DAKT long call positions are structurally bullish; the modeled P&L assumes European-style exercise at expiration and ignores early assignment, transaction costs, dividends paid before expiry on the stock leg (when present), and the bid-ask spread on the listed chain. DAKT positions also carry Technology sector concentration risk; news flow inside the sector (peer earnings, regulatory shifts, supply-chain headlines) can move DAKT alongside the broader basket even when DAKT-specific fundamentals are unchanged. Long-premium structures like a long call on DAKT are particularly exposed to IV-crush risk through scheduled events (earnings, FDA decisions, central-bank meetings) where IV typically contracts post-event regardless of the directional outcome. Always rebuild the position from current DAKT chain quotes before placing a trade.

Frequently asked questions

What is a long call on DAKT?
A long call on DAKT is the long call strategy applied to DAKT (stock). The strategy is structurally bullish: A long call buys upside exposure with a fixed maximum loss equal to the premium paid; profit accrues if the underlying closes above the strike plus premium at expiration. With DAKT stock trading near $19.64, the strikes shown on this page are snapped to the nearest listed DAKT chain strike and the premiums come straight from the end-of-day bid/ask midpoint.
How are DAKT long call max profit and max loss calculated?
Max profit is unbounded; max loss equals the premium paid times 100. Breakeven is strike plus premium. For the DAKT long call priced from the end-of-day chain at a 30-day expiry (ATM IV 51.70%), the computed maximum profit is unbounded per contract and the computed maximum loss is unbounded per contract. Live intraday quotes will differ as the chain moves through the trading session.

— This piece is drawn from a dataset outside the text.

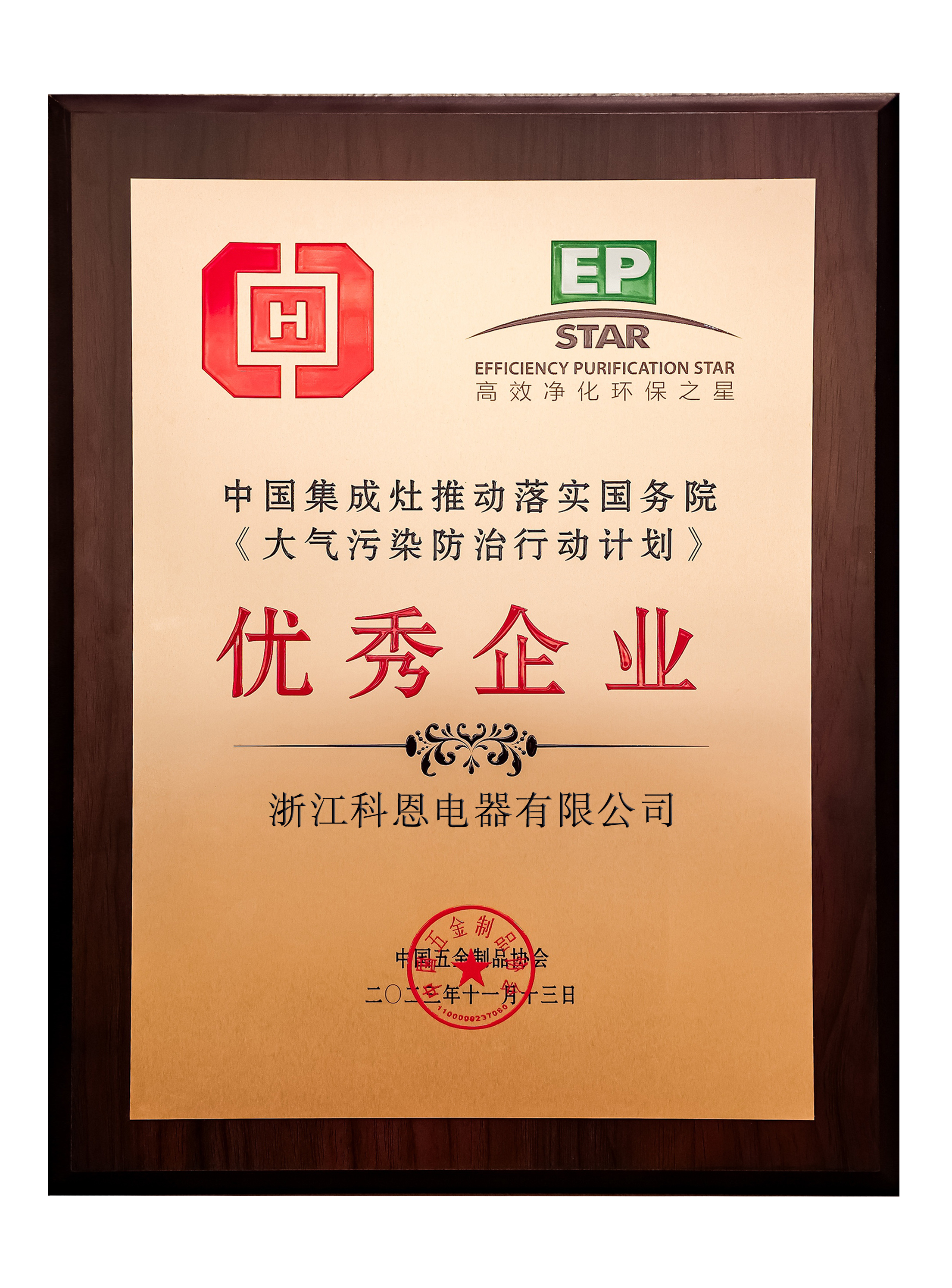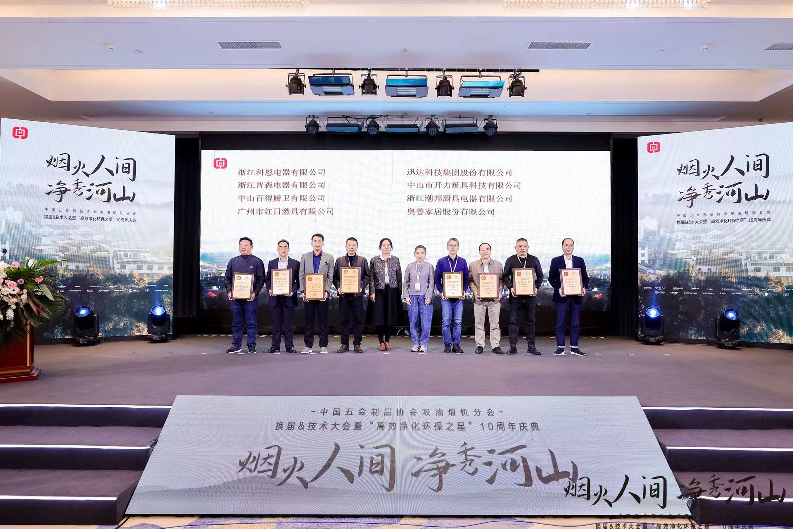 2023年11月28日,主題為“煙火人間 凈秀山河”有中國五金制品協(xié)會召開的“中國五金制品協(xié)會吸油煙機(jī)分會·換屆&技術(shù)大會暨‘高效凈化環(huán)保之星’10周年慶典”在杭州隆重舉辦。會上發(fā)布了獲得本屆“高效凈化環(huán)保之星”的優(yōu)秀企業(yè),并向多年來連續(xù)參與此項(xiàng)目并表現(xiàn)突出的企業(yè)給予了嘉獎。科恩再一次榮獲“中國五金制品協(xié)會-理事單位”及“中國集成灶推動落實(shí)國務(wù)院《大氣污染防治行動計(jì)劃》-優(yōu)秀企業(yè)”!

What is the breakeven for a DAKT long call?
The breakeven for the DAKT long call priced on this page is no defined breakeven on the modeled curve at expiration, derived from end-of-day chain premiums. Breakeven is the underlying price at which the strategy's P&L crosses zero ignoring transaction costs and assignment risk. The current DAKT market-implied 1-standard-deviation expected move is approximately 14.82%; if the move sits well outside the breakeven distance, the structure's risk-reward becomes correspondingly tighter.
When should you consider a long call on DAKT?
Long calls on DAKT express a bullish thesis with defined risk; traders use them ahead of DAKT catalysts (earnings, product launches, macro events) when the expected upside justifies the premium and theta decay.
How does current DAKT implied volatility affect this long call?
DAKT ATM IV is at 51.70% with IV rank near 8.98%, which is on the low end of its 1-year range. Premium-buying structures (long call, long put, debit spreads) are relatively cheap in this regime; premium-selling structures collect less credit per unit risk.